(Try it) In the records below, find the line with "Altre immagini in" and the line with "Женские простые блестящие". Print both exactly, along with every line between them, and no other line.
START Exercise data
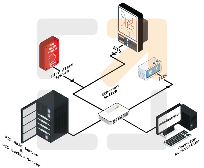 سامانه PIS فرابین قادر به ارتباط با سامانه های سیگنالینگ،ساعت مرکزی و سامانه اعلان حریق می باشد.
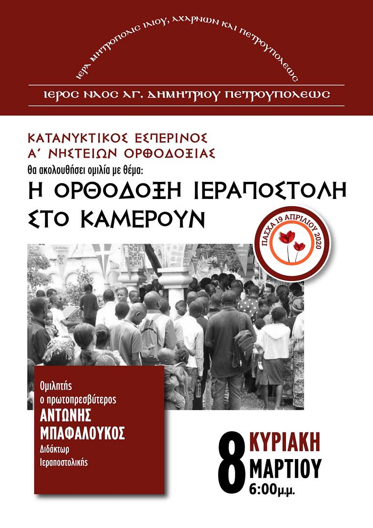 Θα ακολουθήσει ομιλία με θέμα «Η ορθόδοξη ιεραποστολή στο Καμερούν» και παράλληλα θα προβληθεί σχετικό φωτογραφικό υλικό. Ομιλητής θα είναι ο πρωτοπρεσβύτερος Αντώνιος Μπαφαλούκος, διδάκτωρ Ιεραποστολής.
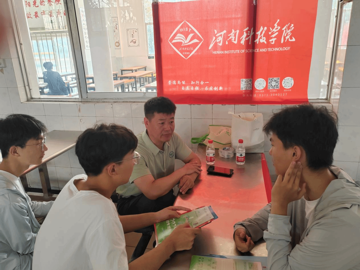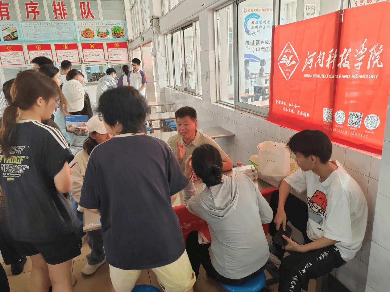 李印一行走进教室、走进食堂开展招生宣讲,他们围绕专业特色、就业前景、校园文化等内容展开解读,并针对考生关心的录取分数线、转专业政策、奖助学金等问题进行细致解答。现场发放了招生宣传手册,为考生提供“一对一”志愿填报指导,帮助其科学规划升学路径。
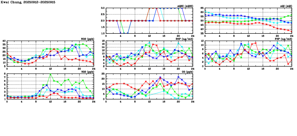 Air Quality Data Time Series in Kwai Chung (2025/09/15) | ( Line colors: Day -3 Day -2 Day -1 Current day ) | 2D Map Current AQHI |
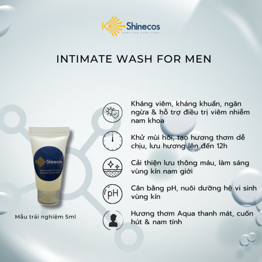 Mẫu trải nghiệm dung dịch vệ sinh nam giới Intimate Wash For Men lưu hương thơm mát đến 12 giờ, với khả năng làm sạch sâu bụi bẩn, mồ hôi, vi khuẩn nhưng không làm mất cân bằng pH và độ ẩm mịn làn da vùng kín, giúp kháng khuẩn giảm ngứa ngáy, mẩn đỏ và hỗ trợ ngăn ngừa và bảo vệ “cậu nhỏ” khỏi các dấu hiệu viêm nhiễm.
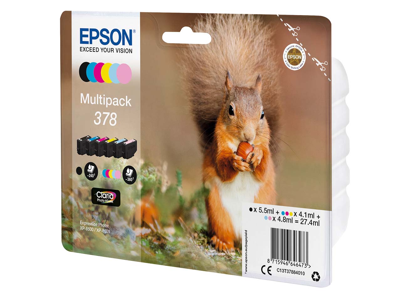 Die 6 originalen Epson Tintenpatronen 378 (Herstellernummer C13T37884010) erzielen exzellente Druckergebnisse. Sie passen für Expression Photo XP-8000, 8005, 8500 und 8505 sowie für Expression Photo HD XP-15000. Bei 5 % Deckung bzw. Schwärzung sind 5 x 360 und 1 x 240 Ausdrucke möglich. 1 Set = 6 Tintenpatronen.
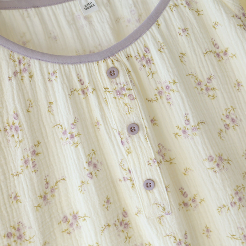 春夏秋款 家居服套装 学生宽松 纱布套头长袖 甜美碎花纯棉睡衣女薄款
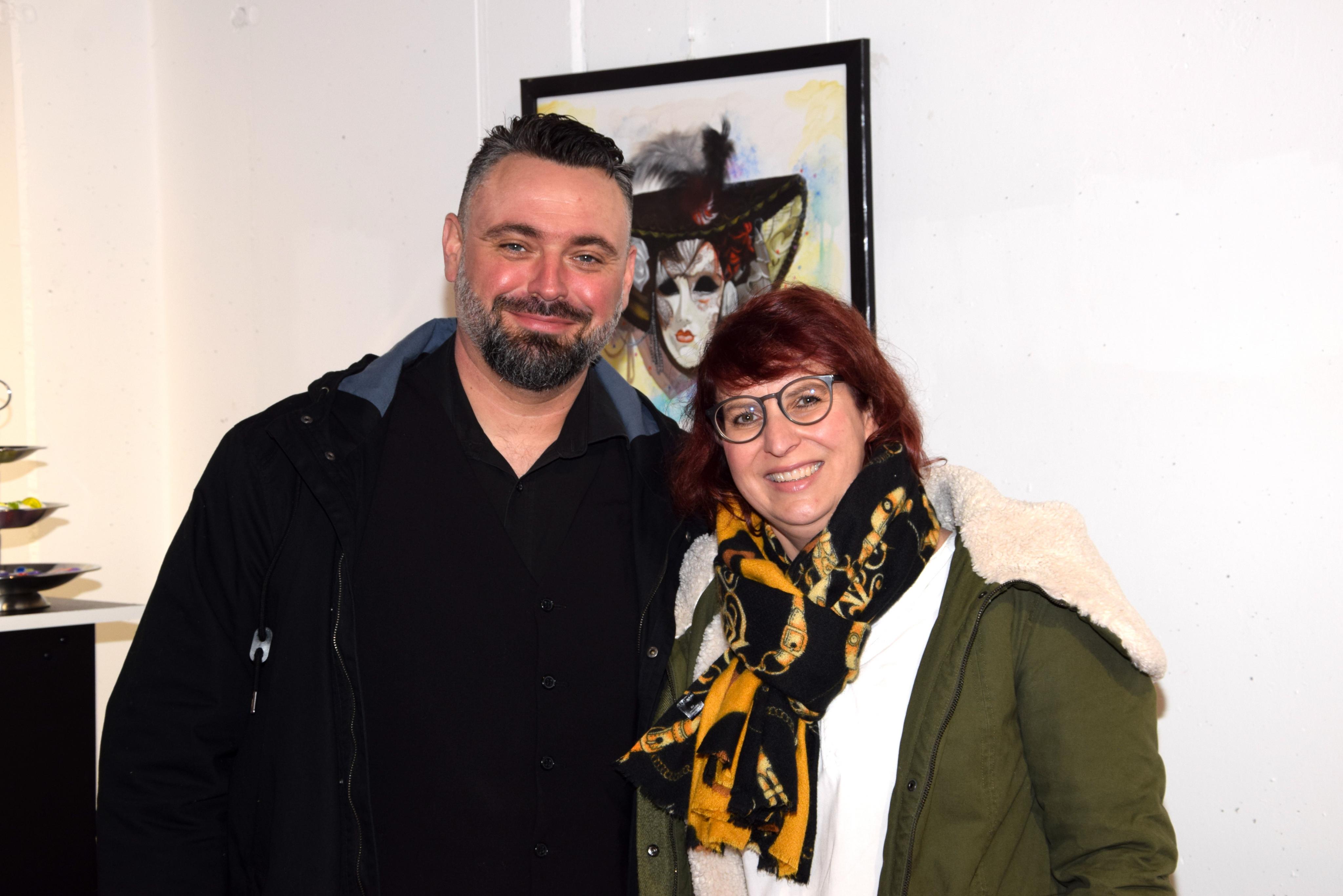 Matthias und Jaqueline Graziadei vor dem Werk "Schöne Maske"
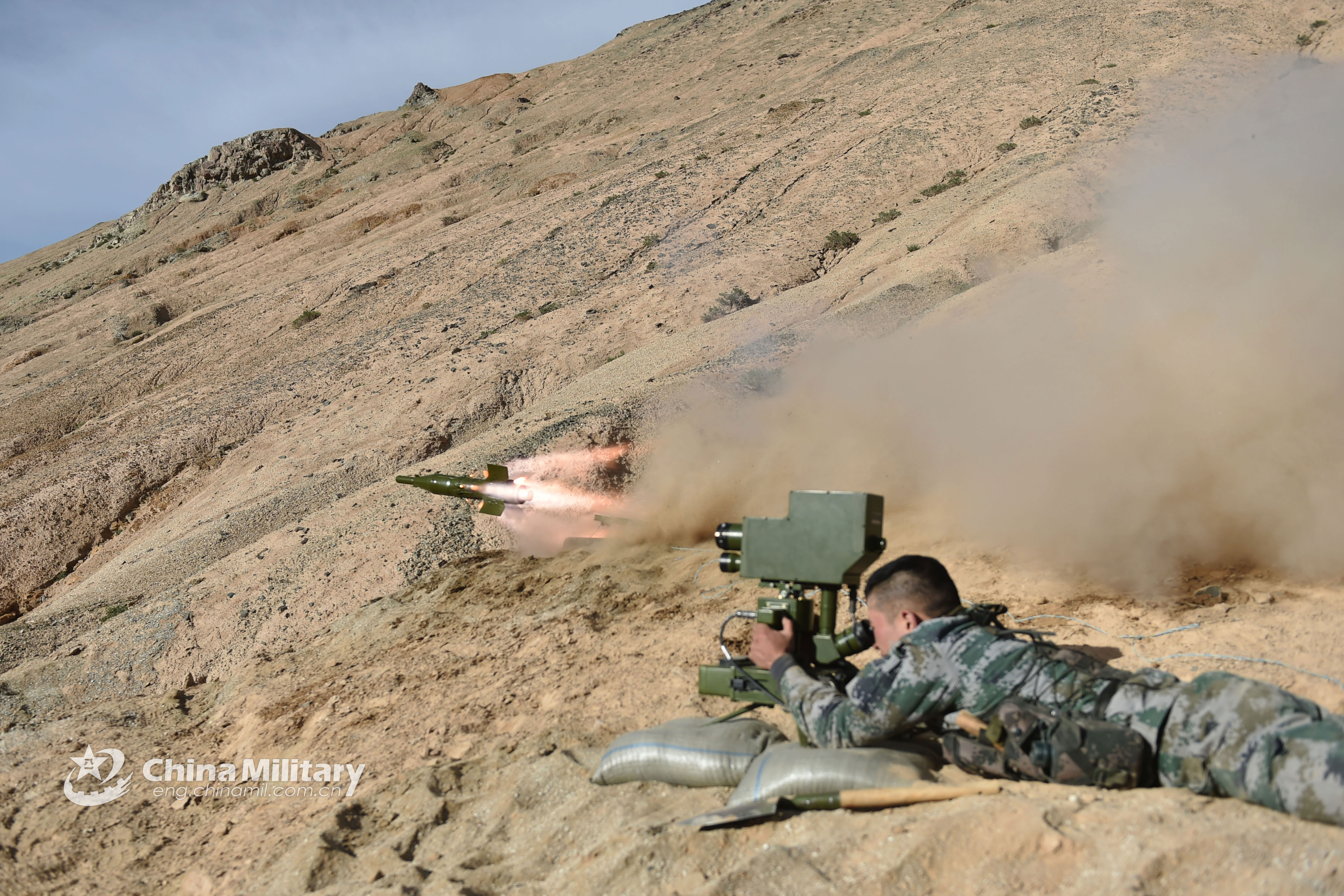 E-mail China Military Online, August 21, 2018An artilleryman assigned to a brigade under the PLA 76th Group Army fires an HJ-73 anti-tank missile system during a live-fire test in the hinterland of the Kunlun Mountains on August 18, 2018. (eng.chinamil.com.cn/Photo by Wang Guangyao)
END Exercise data
START Exercise data
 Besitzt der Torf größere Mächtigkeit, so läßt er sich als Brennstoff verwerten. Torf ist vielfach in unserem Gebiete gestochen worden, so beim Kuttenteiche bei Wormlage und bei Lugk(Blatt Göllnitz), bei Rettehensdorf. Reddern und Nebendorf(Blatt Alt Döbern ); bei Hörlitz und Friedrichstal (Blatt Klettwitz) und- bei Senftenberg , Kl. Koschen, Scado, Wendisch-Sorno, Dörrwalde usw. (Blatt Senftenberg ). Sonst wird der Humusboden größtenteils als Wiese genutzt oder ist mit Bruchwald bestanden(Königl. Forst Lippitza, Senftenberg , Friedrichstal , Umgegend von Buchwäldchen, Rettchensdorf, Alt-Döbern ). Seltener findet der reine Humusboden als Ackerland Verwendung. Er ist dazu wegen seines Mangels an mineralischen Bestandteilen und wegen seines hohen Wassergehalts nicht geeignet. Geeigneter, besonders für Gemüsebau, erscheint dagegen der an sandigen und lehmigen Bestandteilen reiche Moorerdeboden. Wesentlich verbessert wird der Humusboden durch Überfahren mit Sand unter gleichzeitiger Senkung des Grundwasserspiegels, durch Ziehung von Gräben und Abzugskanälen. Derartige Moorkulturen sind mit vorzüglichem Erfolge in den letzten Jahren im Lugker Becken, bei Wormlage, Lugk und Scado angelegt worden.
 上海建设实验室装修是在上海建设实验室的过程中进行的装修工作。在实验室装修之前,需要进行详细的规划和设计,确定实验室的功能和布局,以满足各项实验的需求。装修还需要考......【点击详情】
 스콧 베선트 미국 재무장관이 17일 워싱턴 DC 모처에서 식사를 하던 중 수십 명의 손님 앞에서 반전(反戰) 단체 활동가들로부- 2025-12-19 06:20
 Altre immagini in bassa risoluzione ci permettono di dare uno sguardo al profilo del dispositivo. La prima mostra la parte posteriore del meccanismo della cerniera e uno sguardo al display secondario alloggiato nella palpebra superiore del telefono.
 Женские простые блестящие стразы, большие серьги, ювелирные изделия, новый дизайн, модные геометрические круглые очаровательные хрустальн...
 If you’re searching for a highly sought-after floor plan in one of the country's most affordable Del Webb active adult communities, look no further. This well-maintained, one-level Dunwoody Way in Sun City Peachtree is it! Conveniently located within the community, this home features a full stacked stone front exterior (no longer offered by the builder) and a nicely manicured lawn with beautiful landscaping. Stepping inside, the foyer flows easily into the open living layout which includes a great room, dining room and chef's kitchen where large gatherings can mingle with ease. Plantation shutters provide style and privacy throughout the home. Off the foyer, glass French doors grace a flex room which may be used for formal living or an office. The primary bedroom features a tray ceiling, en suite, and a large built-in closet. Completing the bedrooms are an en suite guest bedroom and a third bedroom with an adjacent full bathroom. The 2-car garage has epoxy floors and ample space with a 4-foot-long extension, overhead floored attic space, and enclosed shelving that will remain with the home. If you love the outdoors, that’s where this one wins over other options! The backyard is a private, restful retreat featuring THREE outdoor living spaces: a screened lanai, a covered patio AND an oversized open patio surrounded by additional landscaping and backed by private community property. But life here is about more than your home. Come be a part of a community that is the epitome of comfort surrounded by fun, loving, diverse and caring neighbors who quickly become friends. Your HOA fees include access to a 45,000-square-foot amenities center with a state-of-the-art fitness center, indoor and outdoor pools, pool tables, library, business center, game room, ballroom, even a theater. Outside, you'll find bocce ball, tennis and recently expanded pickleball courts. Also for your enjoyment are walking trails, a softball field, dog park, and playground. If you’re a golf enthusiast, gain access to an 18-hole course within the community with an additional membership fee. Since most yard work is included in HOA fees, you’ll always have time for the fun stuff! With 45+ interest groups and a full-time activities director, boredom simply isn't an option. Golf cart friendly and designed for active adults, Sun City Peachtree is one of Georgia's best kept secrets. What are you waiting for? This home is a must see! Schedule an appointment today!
END Exercise data
START Exercise data
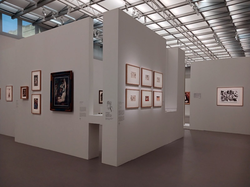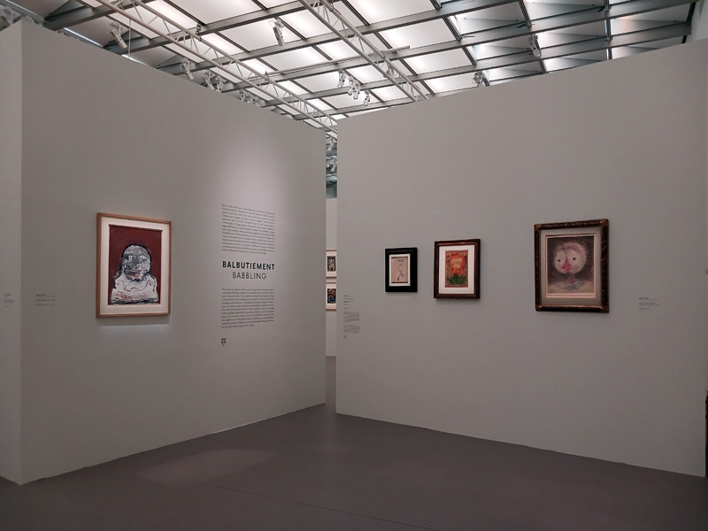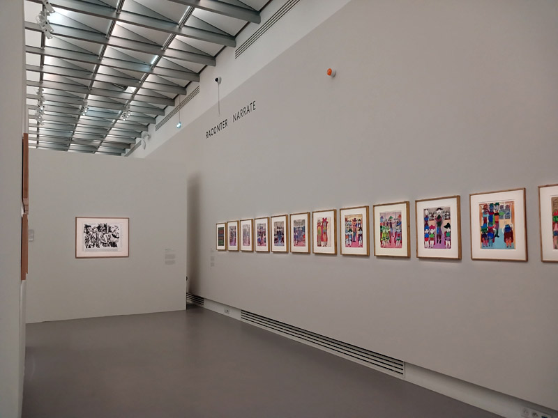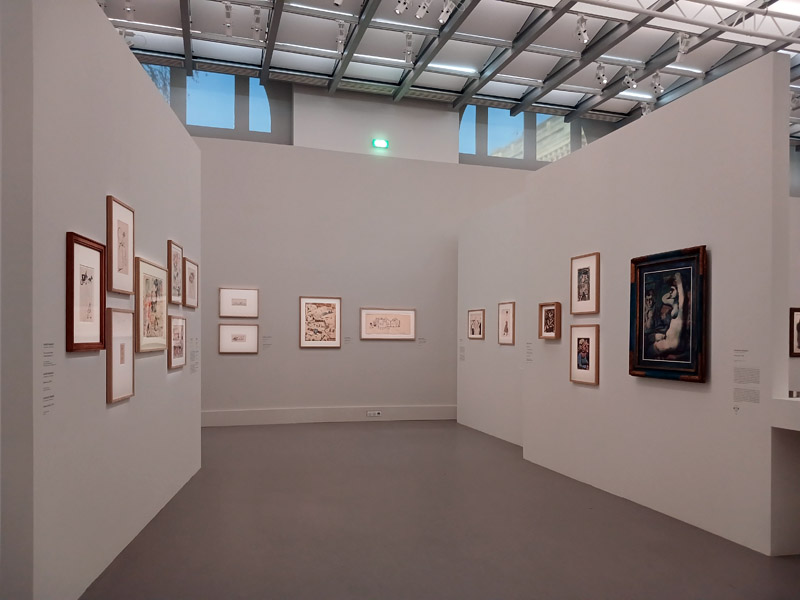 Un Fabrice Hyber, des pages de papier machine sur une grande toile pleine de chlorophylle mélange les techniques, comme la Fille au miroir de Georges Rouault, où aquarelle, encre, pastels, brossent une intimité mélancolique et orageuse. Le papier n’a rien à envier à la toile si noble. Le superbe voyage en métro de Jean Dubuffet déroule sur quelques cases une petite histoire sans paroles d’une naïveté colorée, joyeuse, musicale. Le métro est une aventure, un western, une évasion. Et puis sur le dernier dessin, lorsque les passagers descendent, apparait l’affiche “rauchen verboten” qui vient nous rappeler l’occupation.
END Exercise data
(Output for this task)
 Altre immagini in bassa risoluzione ci permettono di dare uno sguardo al profilo del dispositivo. La prima mostra la parte posteriore del meccanismo della cerniera e uno sguardo al display secondario alloggiato nella palpebra superiore del telefono.
 Женские простые блестящие стразы, большие серьги, ювелирные изделия, новый дизайн, модные геометрические круглые очаровательные хрустальн...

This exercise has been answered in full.